= Edmund Griffith =

Welsh bishop

Edmund Griffith (1570–1637) was a Welsh bishop of Bangor.

==Life==
Griffith was born in Lleyn, the promontory of Carnarvonshire, the fourth son of Gruffydd ab Sion Gruffydd of Cevnamlwch. His mother was Catrin, the daughter of Sir Richard Bulkeley of Baron Hill, Anglesey.

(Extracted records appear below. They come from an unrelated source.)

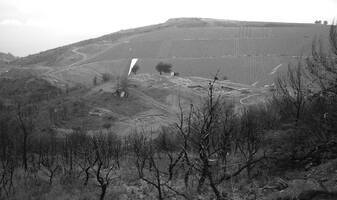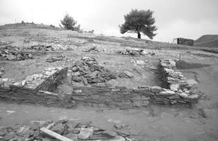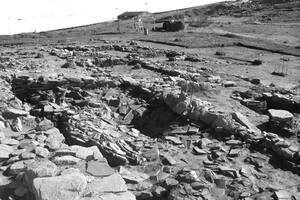 South hill: rubble walls delimiting two roofed spaces were excavated (Fig. 9). In addition, numerous rock-cuttings and cairns were found. Finds from the area include Late Hellenistic bronze coins, Late Hellenistic black-glazed pottery sherds and hundreds of sherds from beehives. It appears that beekeeping was practised in this area from the late Classical until the Early Byzantine periods.
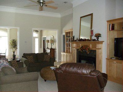 Large gorgeous lot in Stone Creek, with a view of golf course and woods. Spacious yard with nice landscaping. Immaculate interior finishes with 10 ft ceilings, pleasing color scheme(freshly painted), crown molding. Wonderful split floor plan. Living room/office near front of the home. Custom cabinets and builtin cabinetry in the family room. Granite countertops and stainless appliances in the kitchen. Move in ready condition. Sunroom with a wall of windows overlooks the open patio and lawn. Laundry includes built in cabinets and sink. http://www.4652GreenIsland.com?look=MLS
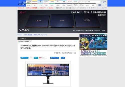JAPANNEXT、縦横比32:9で120Hz/USB Type-C対応の43.8型ウルトラワイド液晶 - PC Watch
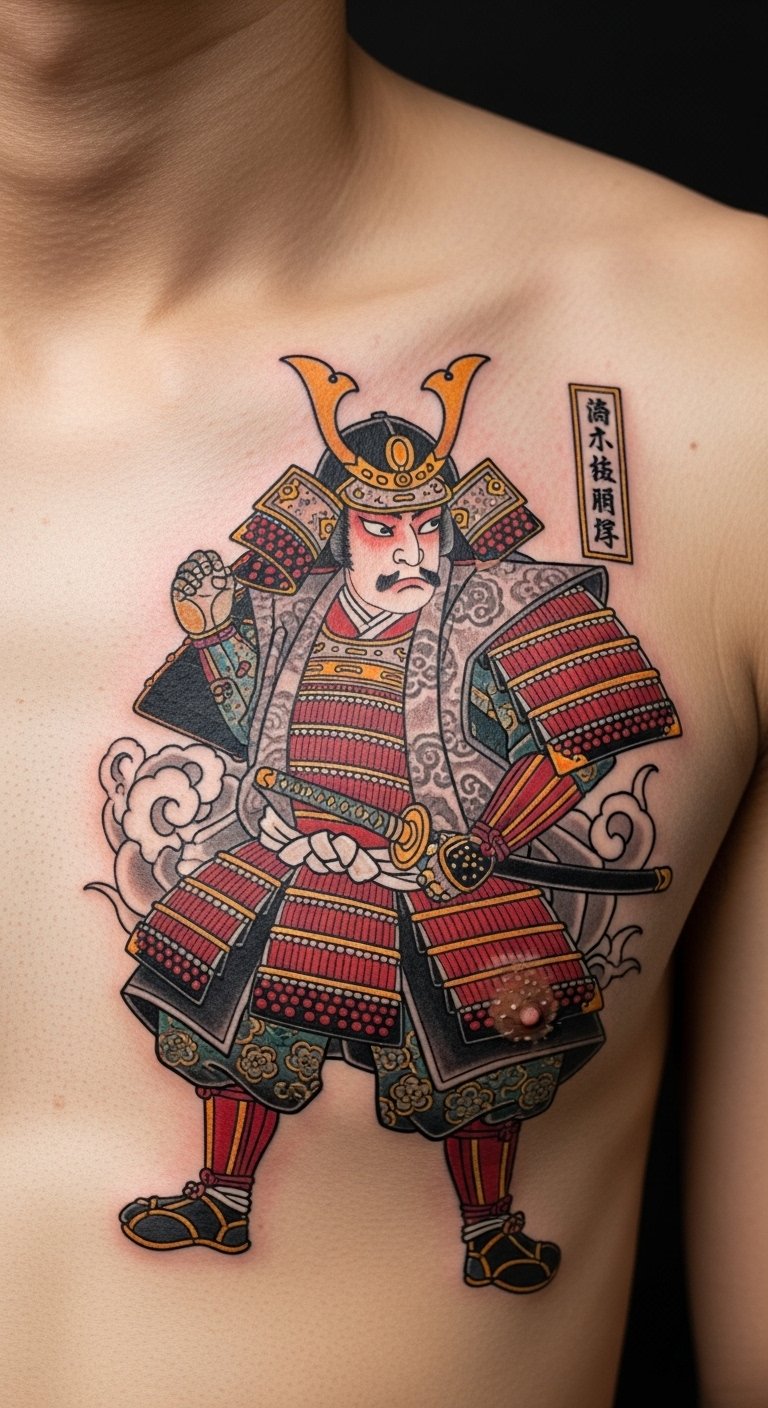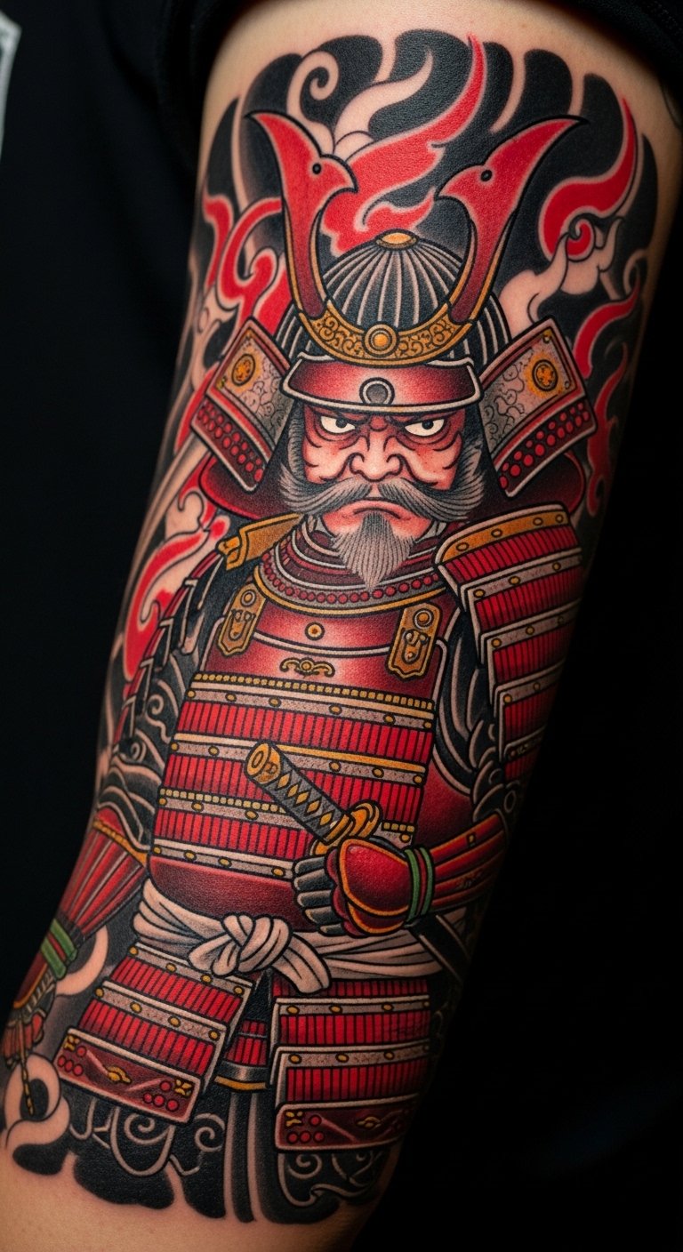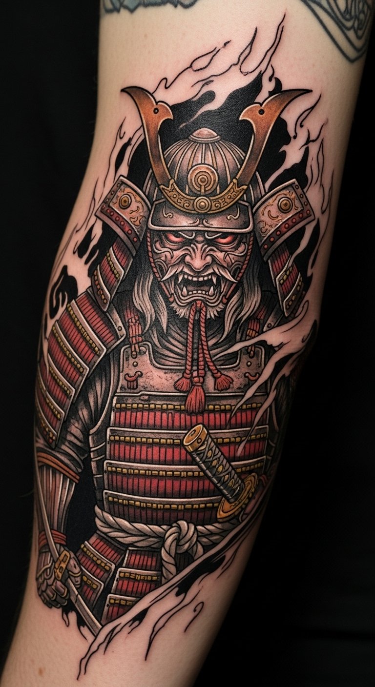 A colorful palette on a samurai adds vibrancy and life. This design pops with hues like red for passion. Experiment with colored markers at home—cheap and fun. Artists often discount colored work to $140. Put it on your arm for visibility. Bold palette: colorful samurai energizes you. Try different shades with temporary options first. Simple steps make it accessible.

Griffith was admitted as an exhibitioner of Brasenose College, Oxford, on 8 April 1587, having been before, in Anthony Wood's opinion, of Jesus College. He proceeded M.A. in 1592. In 1599 he became rector of Llandwrog, in 1600 canon of Bangor, and in 1604 rector of Llanbedrog, both being in the diocese of Bangor. On 10 March 1605 he was instituted archdeacon of Bangor and then on 9 September 1613 dean of Bangor. On the death of Bishop David Dolben he was elected bishop of Bangor on 31 December 1633, confirmed on 12 February 1634, consecrated on 16 February 1634 at Lambeth by Archbishop William Laud, and enthroned on 14 April 1634. He died on 26 May 1637, and was buried in the choir of his cathedral.